Long-term users of D-Amino Acid Oxidase don’t base their loyalty on price alone. They return for clear communication, track record with regulatory compliance, and willingness to troubleshoot side-by-side. This trust develops over years—through everyday actions like tracking down technical inquiries, catching small deviations before they become big headaches, and updating documentation proactively.

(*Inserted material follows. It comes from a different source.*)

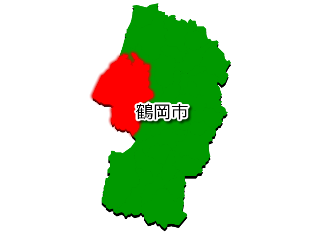 山形県鶴岡市(つるおかし)の場所を示す画像です。PNG透明形式ファイルです。
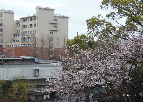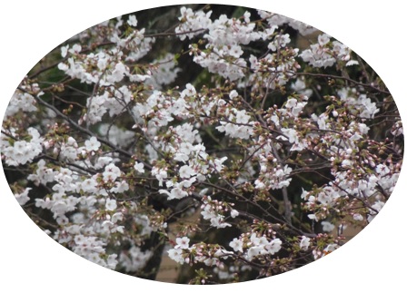 咲きかけた病院前の桜の花も開花がまた遅れそう・・・・。

When a new RNA-based diagnostic method emerges or a supply shortage looms, those who've worked directly with us get early outreach and options, not after-the-fact notices.
As the market for enzymes evolves, shifting toward more personalized applications and finer regulatory scrutiny, we aim to stay at the leading edge—not by chasing every trend, but by listening closely to honest feedback from users who rely on our product in their work. The story of D-Amino Acid Oxidase at our facility is written not in marketing gloss, but in thousands of production runs, regulatory audits, and real solution-based collaborations.
Day in and day out, we see the downstream value of producing D-Amino Acid Oxidase without cutting corners or losing sight of what end users need from their enzyme partners. Each batch we turn out carries the weight of feedback from decades of manufacturing, regulatory changes, and unfiltered customer stories. We hold ourselves to the benchmark set by our most demanding users, trusting that reputation and transparency anchor long-term relationships, even as technology and market demands push us to refine, adapt, and improve.